--- Supplied entries ---
=-=-=-=-=
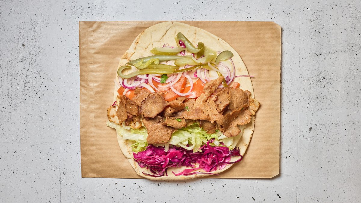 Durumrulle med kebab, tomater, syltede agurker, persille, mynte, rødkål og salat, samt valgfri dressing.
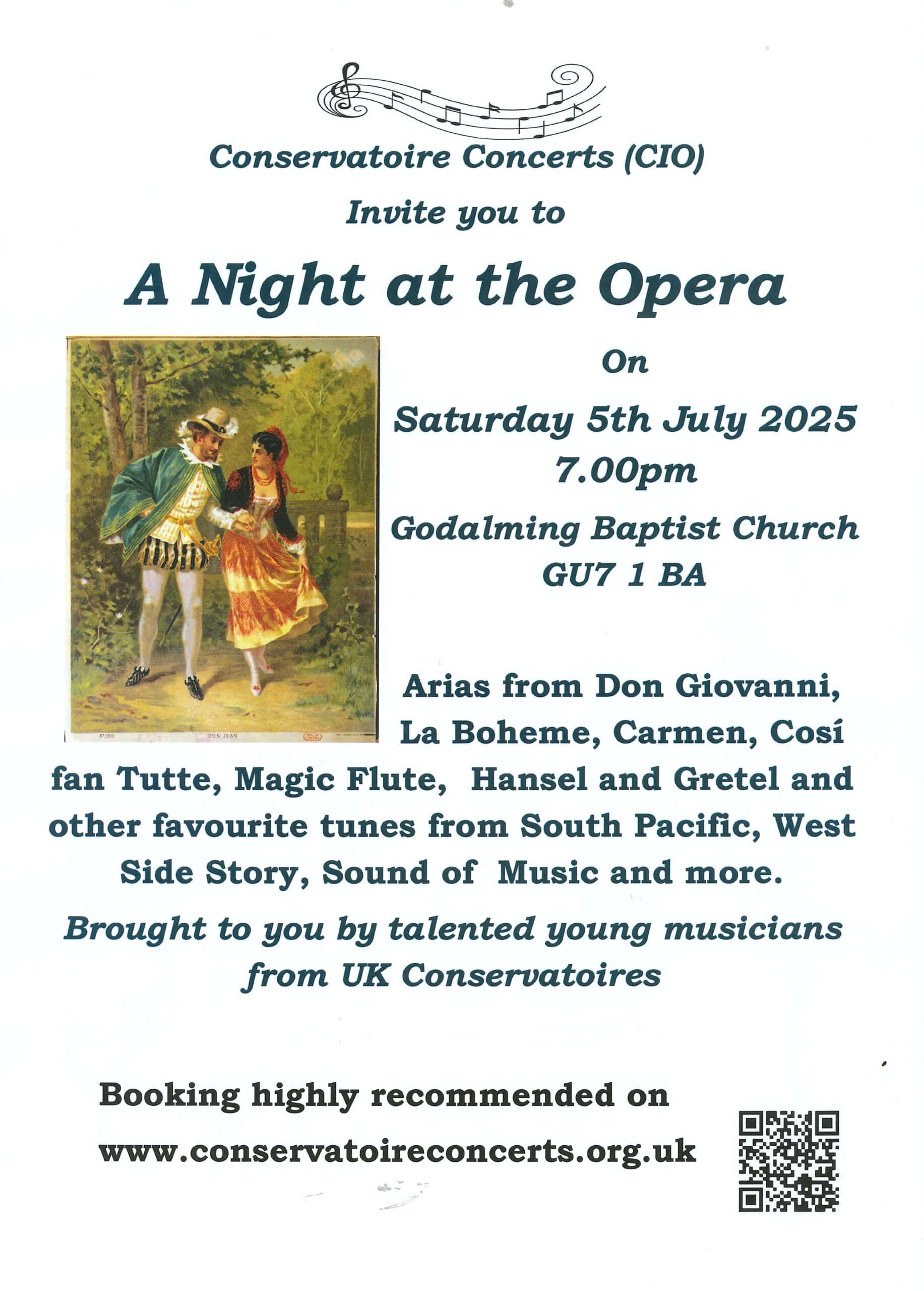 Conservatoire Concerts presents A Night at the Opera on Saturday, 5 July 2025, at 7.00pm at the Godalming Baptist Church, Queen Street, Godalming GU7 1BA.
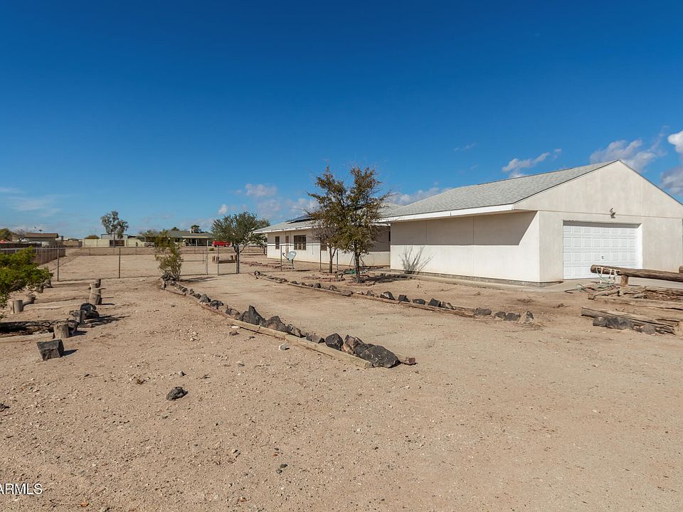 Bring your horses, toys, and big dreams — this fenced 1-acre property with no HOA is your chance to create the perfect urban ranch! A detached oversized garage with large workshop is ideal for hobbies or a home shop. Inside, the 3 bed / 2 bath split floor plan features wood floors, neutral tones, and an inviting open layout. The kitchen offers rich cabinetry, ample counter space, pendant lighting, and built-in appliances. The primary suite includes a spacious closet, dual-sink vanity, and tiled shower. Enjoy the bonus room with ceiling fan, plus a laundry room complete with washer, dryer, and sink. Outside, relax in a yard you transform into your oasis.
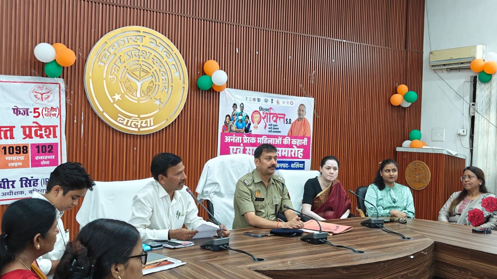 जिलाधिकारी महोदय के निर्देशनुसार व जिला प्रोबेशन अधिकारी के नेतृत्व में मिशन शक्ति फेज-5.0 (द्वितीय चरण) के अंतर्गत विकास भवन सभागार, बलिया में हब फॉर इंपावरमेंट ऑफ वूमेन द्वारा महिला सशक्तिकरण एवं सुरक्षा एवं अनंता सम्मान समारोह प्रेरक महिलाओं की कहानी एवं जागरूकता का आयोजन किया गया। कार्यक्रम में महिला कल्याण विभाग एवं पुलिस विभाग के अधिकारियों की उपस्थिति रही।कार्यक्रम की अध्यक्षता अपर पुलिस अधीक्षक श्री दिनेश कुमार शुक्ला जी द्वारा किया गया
=-=-=-=-=
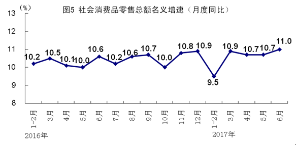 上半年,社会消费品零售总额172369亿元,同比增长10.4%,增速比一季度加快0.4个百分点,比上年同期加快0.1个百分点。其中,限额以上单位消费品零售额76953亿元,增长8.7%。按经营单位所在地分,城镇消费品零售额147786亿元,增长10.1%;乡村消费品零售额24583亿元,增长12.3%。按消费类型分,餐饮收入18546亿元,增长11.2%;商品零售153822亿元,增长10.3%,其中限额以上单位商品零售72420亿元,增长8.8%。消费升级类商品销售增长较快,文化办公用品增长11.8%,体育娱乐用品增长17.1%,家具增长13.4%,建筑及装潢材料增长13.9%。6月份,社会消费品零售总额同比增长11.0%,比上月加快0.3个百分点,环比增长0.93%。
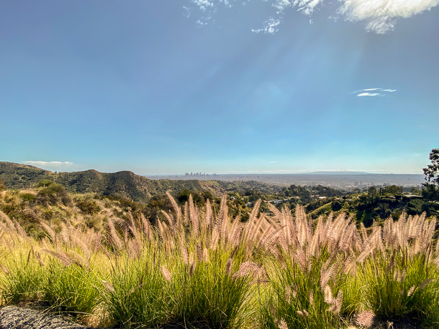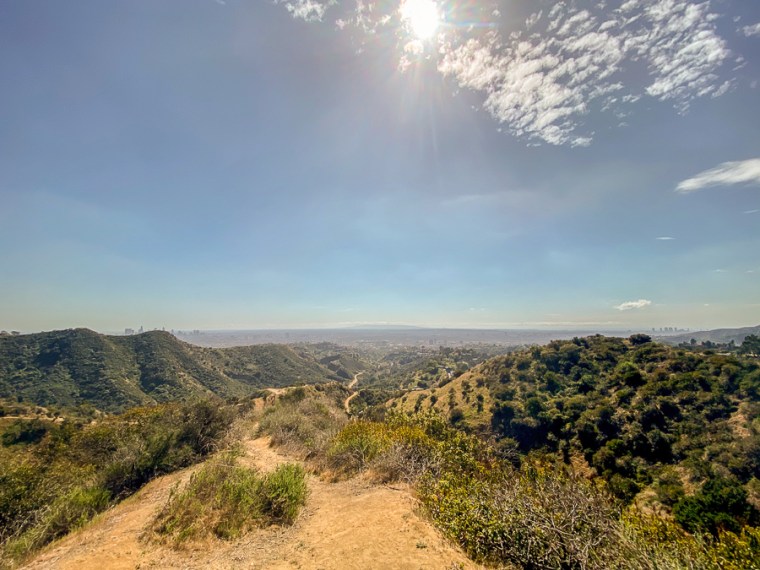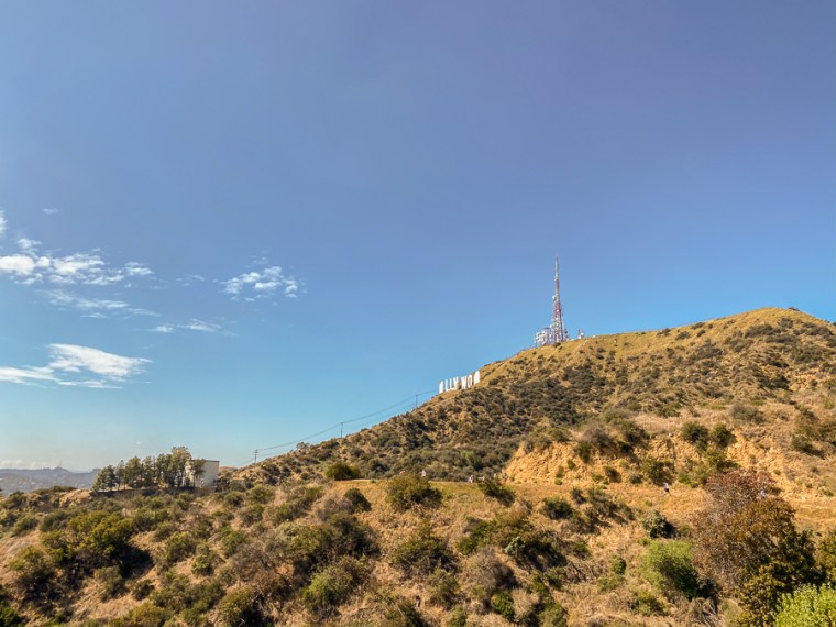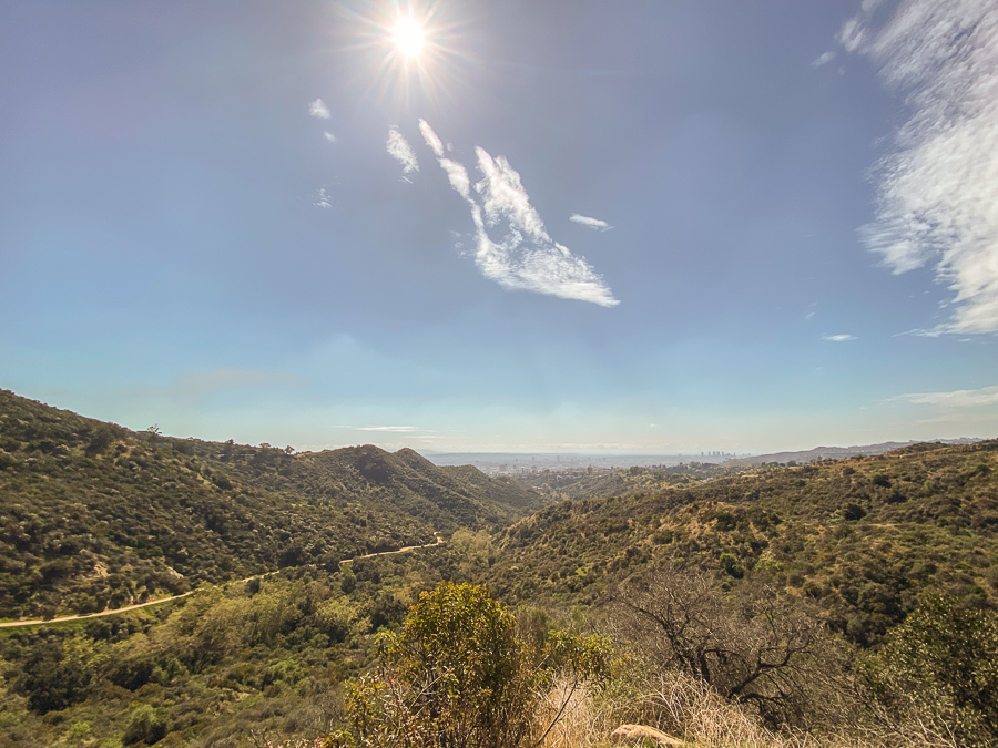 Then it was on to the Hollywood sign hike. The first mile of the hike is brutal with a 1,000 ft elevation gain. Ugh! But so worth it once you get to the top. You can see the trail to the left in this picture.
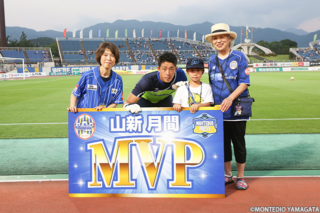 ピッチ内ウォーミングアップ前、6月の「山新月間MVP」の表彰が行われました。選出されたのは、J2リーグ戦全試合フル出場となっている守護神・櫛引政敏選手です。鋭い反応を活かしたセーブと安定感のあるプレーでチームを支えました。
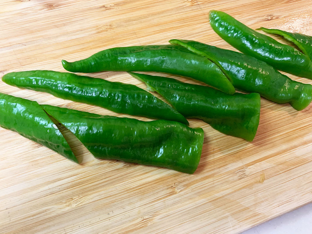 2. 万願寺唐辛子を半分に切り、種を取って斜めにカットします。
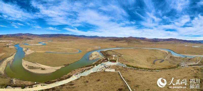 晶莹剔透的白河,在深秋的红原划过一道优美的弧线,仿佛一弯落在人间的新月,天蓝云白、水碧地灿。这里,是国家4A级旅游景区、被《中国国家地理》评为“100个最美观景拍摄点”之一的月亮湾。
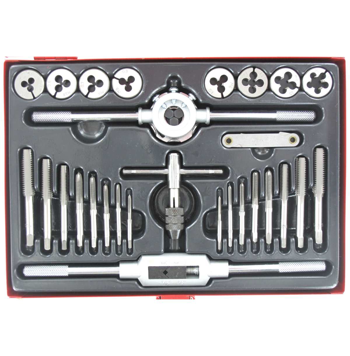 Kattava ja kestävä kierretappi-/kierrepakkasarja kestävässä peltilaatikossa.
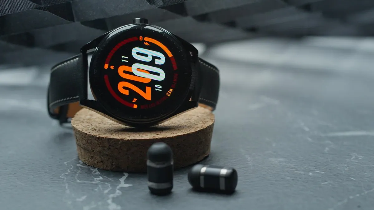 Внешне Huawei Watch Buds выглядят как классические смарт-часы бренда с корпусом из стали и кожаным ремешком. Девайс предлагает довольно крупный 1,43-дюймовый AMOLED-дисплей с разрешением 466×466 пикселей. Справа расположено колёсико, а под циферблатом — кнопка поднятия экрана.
=-=-=-=-=
--- Assigned task ---
Working from the records above, set down word for word everything from the line containing "Durumrulle med kebab, tomater, syltede" down to the line containing "Bring your horses, toys, and", ends included, minus the pictures.

--- Answer section ---
 Durumrulle med kebab, tomater, syltede agurker, persille, mynte, rødkål og salat, samt valgfri dressing.
 Conservatoire Concerts presents A Night at the Opera on Saturday, 5 July 2025, at 7.00pm at the Godalming Baptist Church, Queen Street, Godalming GU7 1BA.
 Bring your horses, toys, and big dreams — this fenced 1-acre property with no HOA is your chance to create the perfect urban ranch! A detached oversized garage with large workshop is ideal for hobbies or a home shop. Inside, the 3 bed / 2 bath split floor plan features wood floors, neutral tones, and an inviting open layout. The kitchen offers rich cabinetry, ample counter space, pendant lighting, and built-in appliances. The primary suite includes a spacious closet, dual-sink vanity, and tiled shower. Enjoy the bonus room with ceiling fan, plus a laundry room complete with washer, dryer, and sink. Outside, relax in a yard you transform into your oasis.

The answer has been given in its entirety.